▶ [What you are asked to do]
Leaving out pictures, output exactly the lines below from the one that has "Secluded estate has" through the one that has "A layer of BBQ", and nothing else.

▶ [Records for the task]
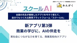 同シリーズは、スクールAI上で利用できる多様なアプリの中から、学校現場ですぐに活用できるものを厳選して紹介する取り組み。第3弾では、商業教育で求められる実践的なビジネススキルの育成や、探究的な学び、就職準備までを一体的に支援するアプリ群を展開し、生成AIが学びのプロセスに寄り添う教育環境を全国の商業高校に届ける。
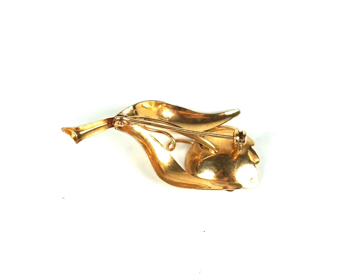Broche "Fleur" en or jaune 18K (750/oo), à décor ciselé, manque probablement une perle au coeur, H. 4.7 cm. Poids brut : 3.42 g environ.
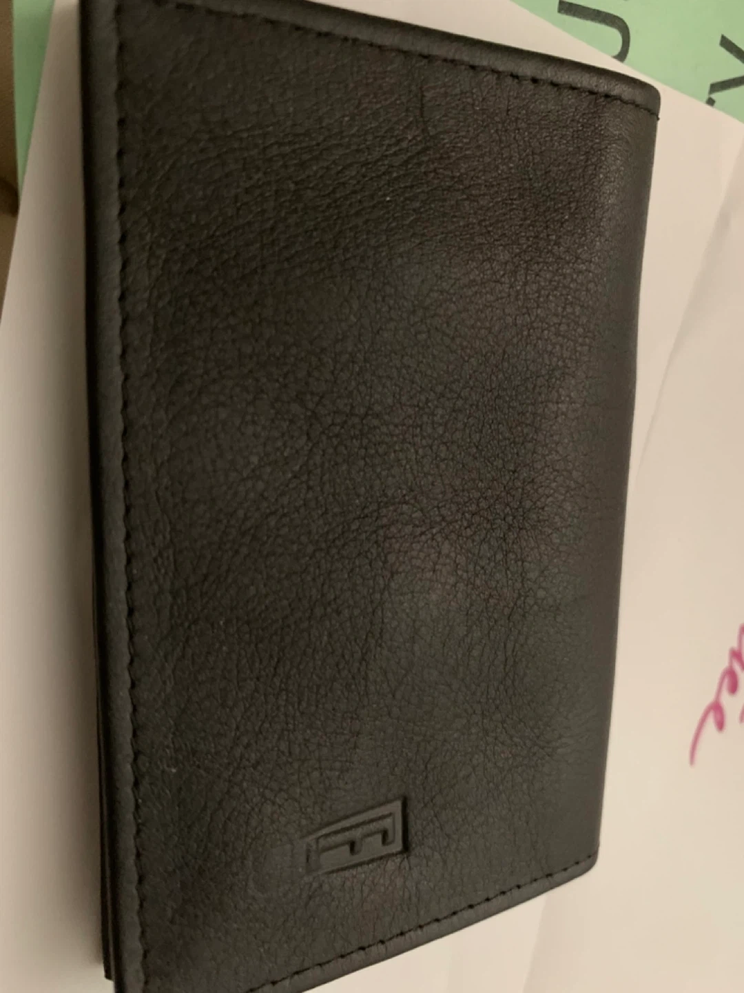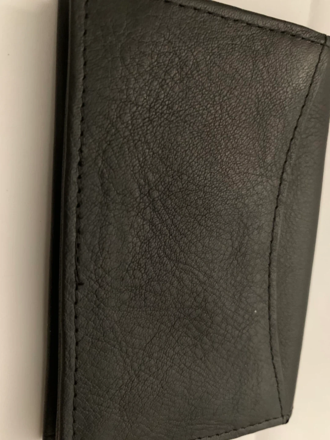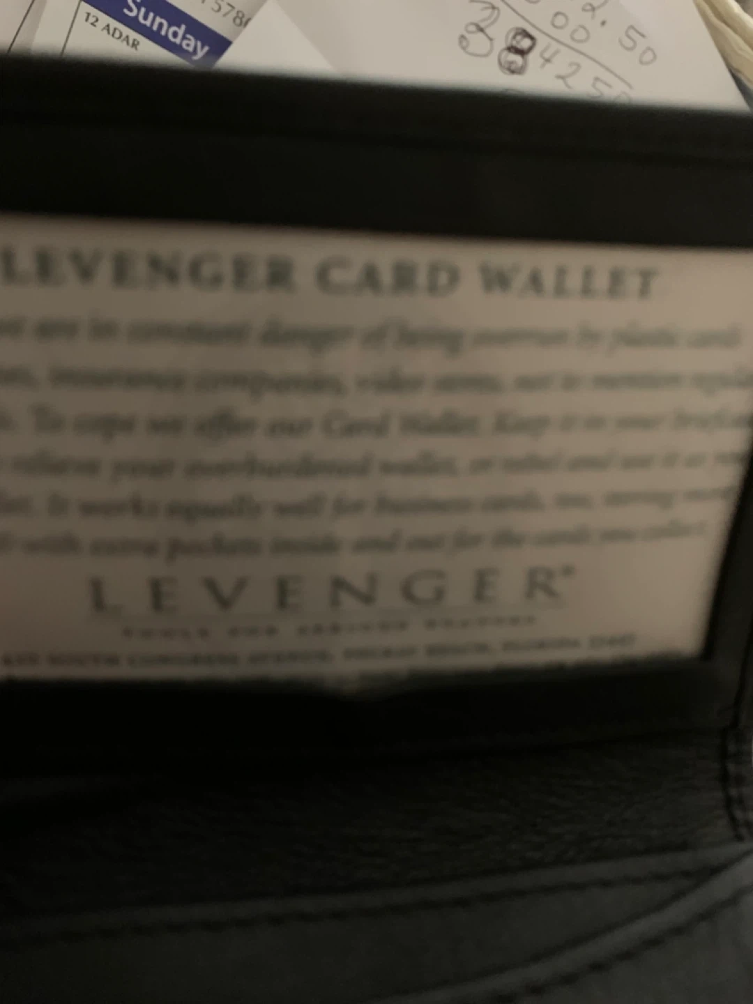 This is a Levenger card wallet. It's made of black leather and includes multiple pockets inside and out for cards. This wallet is useful for organizing business cards, credit cards, and insurance cards.
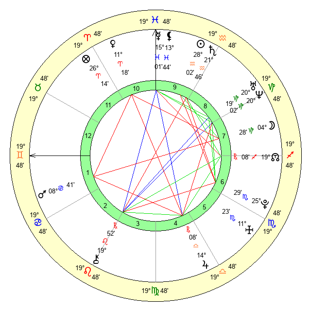 | Moon | 4 Capricorn 23 | 14 Libra 27 | 1 Pisces 45 |
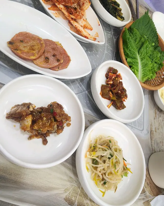 드디어 기다리고 기다리던 매운돼지갈비찜이 등장했다. 커다란 냄비 안에는 큼지막한 돼지갈비와 떡, 야채, 그리고 푸짐한 당면 사리가 가득 담겨 있었다. 매콤한 향이 코를 자극했고, 붉은 색감은 식욕을 더욱 돋우었다. 사진으로 봤던 것보다 훨씬 더 푸짐한 양에 감탄했다. 보글보글 끓는 갈비찜을 보니, 왜 이곳이 오랫동안 사랑받는 맛집인지 알 것 같았다.
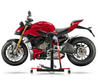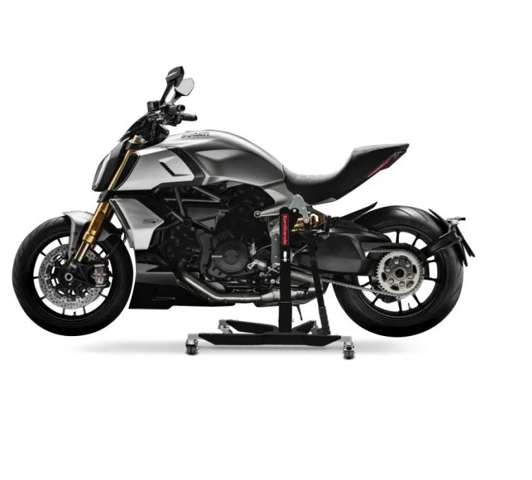 S centrálním stojanem ConStands Power-Classic lze celý motocykl bez námahy zvednout během několika sekund. Stabilní dvojitá kolečka vám umožní snadno manévrovat s motocyklem v nejužším prostoru a umístit jej s milimetrovou přesností. Pokud se stojan nepoužívá, lze jej uložit nebo přepravit, aby se ušetřilo místo díky integrované funkci skládání.
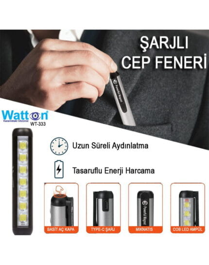 🔦 Type-C Girişli Mıknatıslı Şarjlı Cep Feneri Watton WT-333
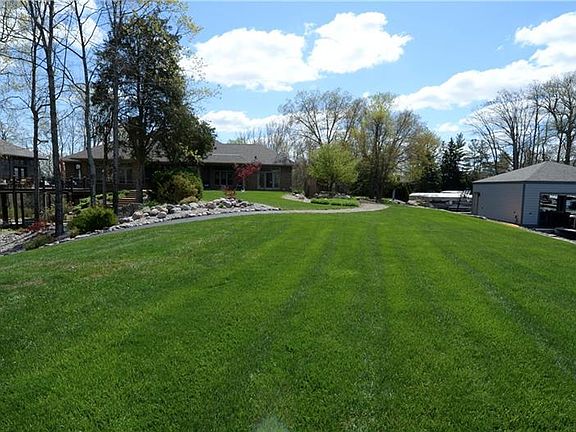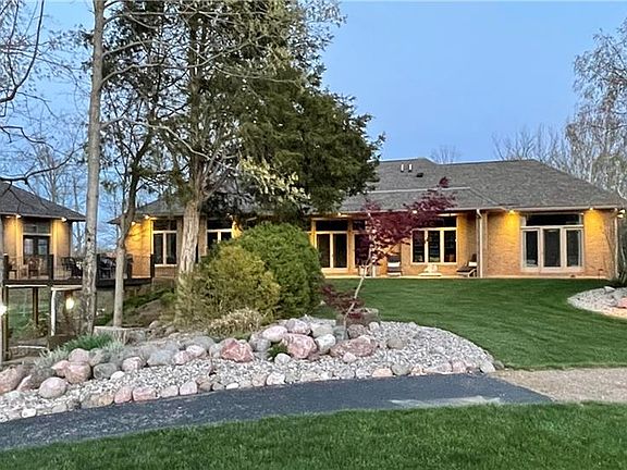 Secluded estate has 2.91 acres & 244 ft of waterfront. This home is an entertainer's dream! The main has open floor plan w/an updated kitchen w/SS appliances, wine bar & custom cabinetry in dining. The large master has spectacular lake views, jacuzzi tub & walk-in shower, large WIC w/W/D. The 2nd bed on main has a WIC & full bath. The walkout LL has large family room, 2 beds, 1 full bath& 1/2 bath. There is a large laundry rm & remodeled rec room with 2nd kitchen. The exterior boasts a hot tub, 3 season room with panoramic views, a dock with 2 electric boat lifts and 800 sf over water pavilion with roll up doors and kitchen. In addition to the heated 3 car attached garage, there is a 3 car heated and cooled detached garage with workshop.
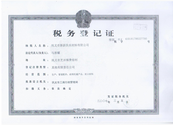 歡迎來到鞏義市新躍供水材料有限公司官方網(wǎng)站!您現(xiàn)在訪問的是:《稅務(wù)登記證》頁面,如需幫助請致電:13140066578 或 0371-64100988
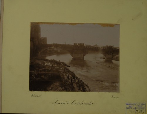 - NOTIZIE STORICO CRITICHE I lavori documentati in questa stampa fotografica sono parte del progetto di massima concernente l'assestamento dell'alveo urbano d'Adige di Verona, redatto dalla Commissione Governativa Municipale, diretta dall'ingegner Capo Municipale Emilio Cavalieri. Il progetto fu approvato dal Consiglio Comunale in data 11 settembre 1885, secondo le modifiche redatte al progetto dall'ingegner Capo Municipale Tullio Donatelli; fu riapprovato con delibera dal Consiglio Comunale in data 25 ottobre 1889 e dal Ministero dei Lavori Pubblici con un'ordinanza pervenuta al Comune di Verona il 3 aprile 1890. Il tratto d'alveo d'Adige documentato riguarda la sezione del progetto denominata "Tronco II". I lavori furono realizzati dall'impresa costruttrice Giacomo dott. Laschi tra il 4 febbraio 1890 e il 31 marzo 1894.
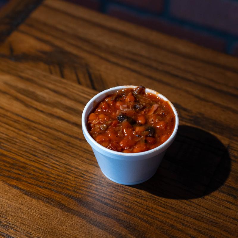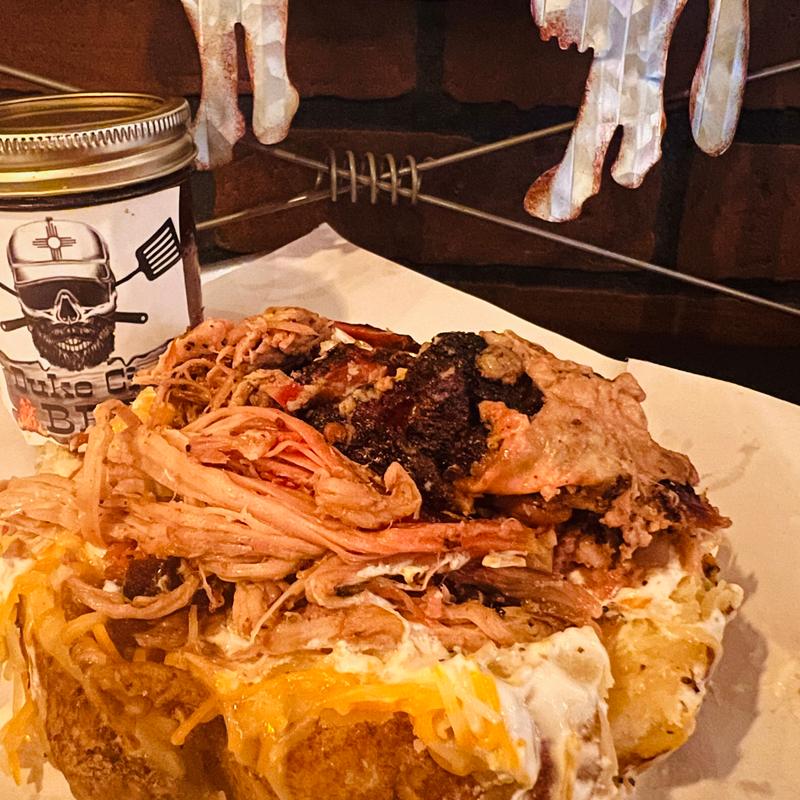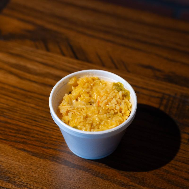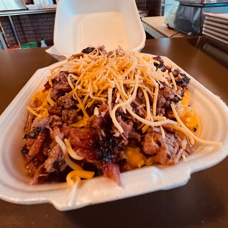 A layer of BBQ beans & green chile cheese rice, topped with your choice of meat
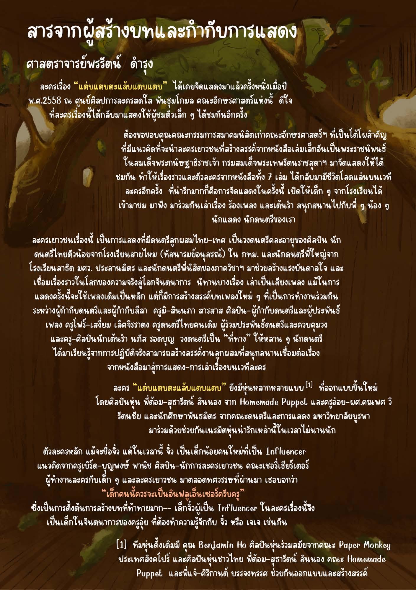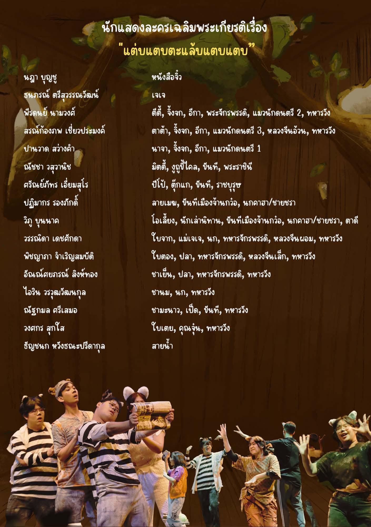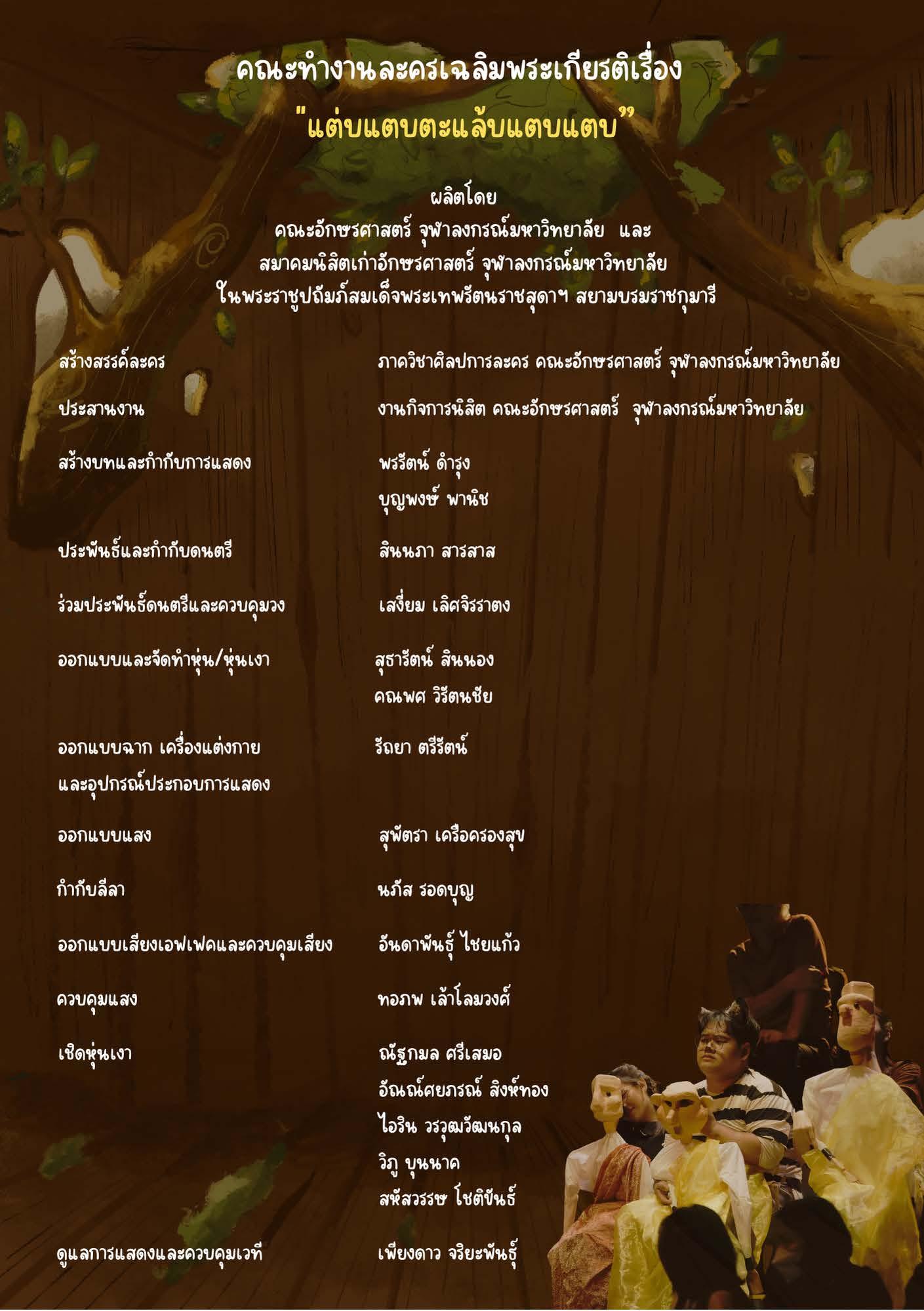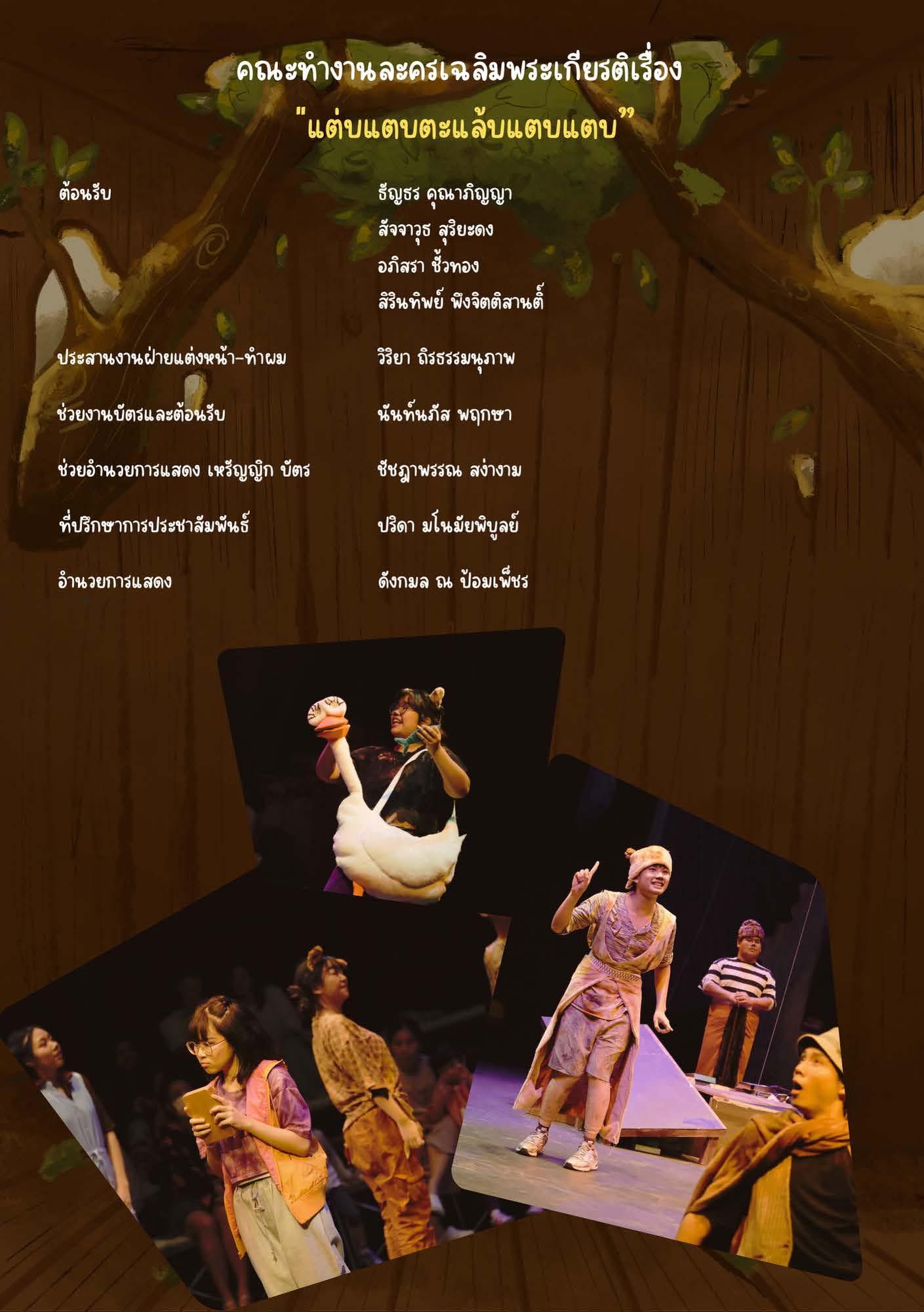 ในโอกาสที่สมเด็จพระกนิษฐาธิราชเจ้า กรมสมเด็จพระเทพรัตนราชสุดา ฯ สยามบรมราชกุมารี ทรงเจริญพระชนมายุ 69 พรรษาในวันที่ 2 เมษายน 2567 นี้ คณะอักษรศาสตร์ จุฬาลงกรณ์มหาวิทยาลัย ร่วมกับสมาคมนิสิตเก่าอักษรศาสตร์ จุฬาลงกรณ์มหาวิทยาลัย ในพระราชูปถัมภ์ฯ จะจัดการแสดงละครเวทีเฉลิมพระเกียรติเรื่อง “แต่บแตบตะแล้บแตบแตบ” จากพระราชนิพนธ์นิทาน ระหว่างวันที่ 5 - 8 มิถุนายน 2567 ณ ศูนย์ศิลปการละครสดใส พันธุมโกมล ชั้น 6 อาคารมหาจักรีสิรินธร คณะอักษรศาสตร์ จุฬาลงกรณ์-มหาวิทยาลัย โดยมีศาสตราจารย์พรรัตน์ ดำรุง เป็นผู้สร้างบทและกำกับการแสดง และอาจารย์สินนภา สารสาส เป็นผู้ประพันธ์และกำกับดนตรี

▶ [Your response]
 Secluded estate has 2.91 acres & 244 ft of waterfront. This home is an entertainer's dream! The main has open floor plan w/an updated kitchen w/SS appliances, wine bar & custom cabinetry in dining. The large master has spectacular lake views, jacuzzi tub & walk-in shower, large WIC w/W/D. The 2nd bed on main has a WIC & full bath. The walkout LL has large family room, 2 beds, 1 full bath& 1/2 bath. There is a large laundry rm & remodeled rec room with 2nd kitchen. The exterior boasts a hot tub, 3 season room with panoramic views, a dock with 2 electric boat lifts and 800 sf over water pavilion with roll up doors and kitchen. In addition to the heated 3 car attached garage, there is a 3 car heated and cooled detached garage with workshop.
 歡迎來到鞏義市新躍供水材料有限公司官方網(wǎng)站!您現(xiàn)在訪問的是:《稅務(wù)登記證》頁面,如需幫助請致電:13140066578 或 0371-64100988
 - NOTIZIE STORICO CRITICHE I lavori documentati in questa stampa fotografica sono parte del progetto di massima concernente l'assestamento dell'alveo urbano d'Adige di Verona, redatto dalla Commissione Governativa Municipale, diretta dall'ingegner Capo Municipale Emilio Cavalieri. Il progetto fu approvato dal Consiglio Comunale in data 11 settembre 1885, secondo le modifiche redatte al progetto dall'ingegner Capo Municipale Tullio Donatelli; fu riapprovato con delibera dal Consiglio Comunale in data 25 ottobre 1889 e dal Ministero dei Lavori Pubblici con un'ordinanza pervenuta al Comune di Verona il 3 aprile 1890. Il tratto d'alveo d'Adige documentato riguarda la sezione del progetto denominata "Tronco II". I lavori furono realizzati dall'impresa costruttrice Giacomo dott. Laschi tra il 4 febbraio 1890 e il 31 marzo 1894.
 A layer of BBQ beans & green chile cheese rice, topped with your choice of meat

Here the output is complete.